Professor A C Bhagabati (left). Credit: Seven Sisters Post

“There is a mismatch of data between modern tools of demography and traditional perceptions of land records. In Bodo people’s perception it has been tribal land, but now we say it is not their land. So, the problem lies there. One has to look at the records to see to what extent the Bodos or the other people are right. Only records can tell that,” said the former professor of Anthropology at Gauhati and Dibrugarh University.

He also said that modern tools like census to find out the demography may not always solve such problems. “If we go back to 1945 or 1960 we will know whether land alienation by whatever means has taken place. That’s how history helps understand an even modern problem.
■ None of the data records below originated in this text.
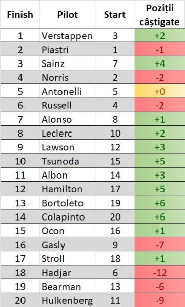 Vă spun mai jos care a fost treaba cu cele 25 de tururi pentru anvelope, dar și în ce condiții pot deveni campioni Norris, Piastri sau Verstappen.
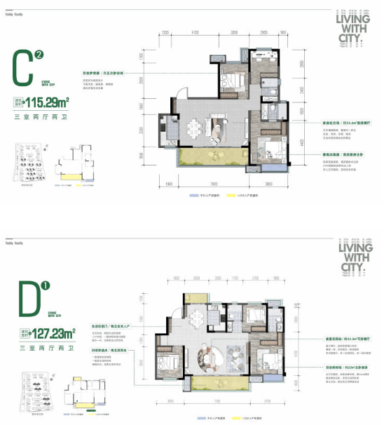 此系列户型将主要面向对居住空间有更高要求的改善型家庭。房间数量增加至三房或四房,各个功能空间的尺度更为宽松,客厅开间更大。主卧有望设计为套房形式,提升私密性与舒适度。部分边厅或端户户型可能拥有更优的采光与观景面,满足多代同堂或二孩家庭的居住需求。
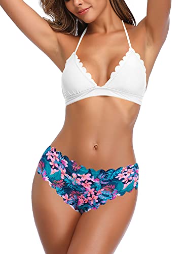 SHEKINI Women's Scalloped Bathing Suit Triangle Bikini Halter Sexy Floral Two Piece Swimsuits 6
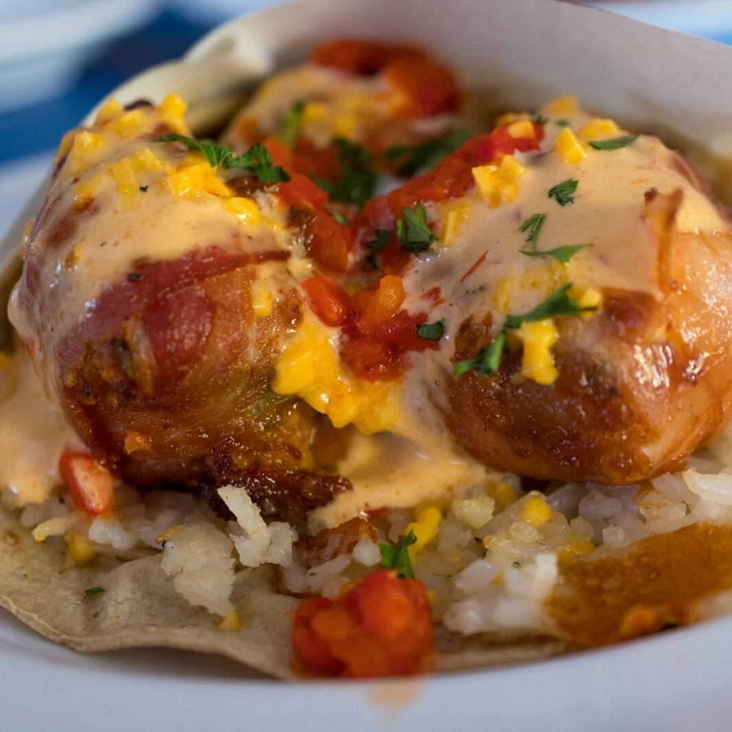 ES UN TACO ACOMPAÑADO CON DE ARROZ BLANCO, TRES BOLITAS CON CAMARON ENVUELTO EN MARLIN Y TOCINO DORADO, ACOMPAÑADO CON CHIPOTLE & UNOS TOQUES DE CHILE MORRON

But what we are doing is that using the demography of today to counter a historical question,” Bhagabati added.

The veteran anthropologist was felicitated by the North East Zone Cultural Centre (NEZCC) for receiving the prestigious Tagore National Fellowship of Cultural Research.

The objective of the scheme, which was introduced by the Union ministry of culture in 2009, is to invigorate and revitalise various cultural institutions which have vast treasures in the form of manuscripts, documents, artefacts, antiquities and paintings.
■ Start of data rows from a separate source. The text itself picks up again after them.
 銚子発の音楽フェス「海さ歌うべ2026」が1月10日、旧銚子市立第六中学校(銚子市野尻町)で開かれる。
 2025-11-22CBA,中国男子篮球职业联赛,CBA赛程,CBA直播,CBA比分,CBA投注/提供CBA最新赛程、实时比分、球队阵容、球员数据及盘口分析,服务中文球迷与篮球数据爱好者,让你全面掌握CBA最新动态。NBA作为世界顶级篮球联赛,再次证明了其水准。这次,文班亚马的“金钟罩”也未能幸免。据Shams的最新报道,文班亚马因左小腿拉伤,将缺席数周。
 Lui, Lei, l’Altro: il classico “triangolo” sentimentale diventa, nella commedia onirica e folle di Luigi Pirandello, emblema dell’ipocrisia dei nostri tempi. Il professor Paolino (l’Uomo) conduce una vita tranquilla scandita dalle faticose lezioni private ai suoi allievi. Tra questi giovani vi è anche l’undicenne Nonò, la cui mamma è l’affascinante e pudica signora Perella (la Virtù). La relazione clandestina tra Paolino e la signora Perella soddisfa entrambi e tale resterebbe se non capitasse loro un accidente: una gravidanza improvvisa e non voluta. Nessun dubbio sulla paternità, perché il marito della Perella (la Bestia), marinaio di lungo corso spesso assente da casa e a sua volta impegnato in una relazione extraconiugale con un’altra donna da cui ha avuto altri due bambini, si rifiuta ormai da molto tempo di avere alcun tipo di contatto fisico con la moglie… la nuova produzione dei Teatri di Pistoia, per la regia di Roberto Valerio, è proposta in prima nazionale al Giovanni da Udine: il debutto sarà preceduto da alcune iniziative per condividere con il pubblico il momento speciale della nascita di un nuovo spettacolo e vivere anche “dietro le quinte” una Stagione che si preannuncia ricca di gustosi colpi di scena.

The purpose is to encourage serious researches in the cultural resources of these institutions. Schemes like this would encourage research, scholarship and analysis of the objects that are not usually available for public viewing or use. Museums, for instance, can hardly display more than a small percentage of their entire holdings.

“We are happy to announce that Dr AC Bhagabati has been awarded by the ministry of culture the Tagore National Fellowship for Cultural research to pursue his research at NEZCC. He is the only scholar from the region to have won this fellowship,” said NEZCC director Som Kamei.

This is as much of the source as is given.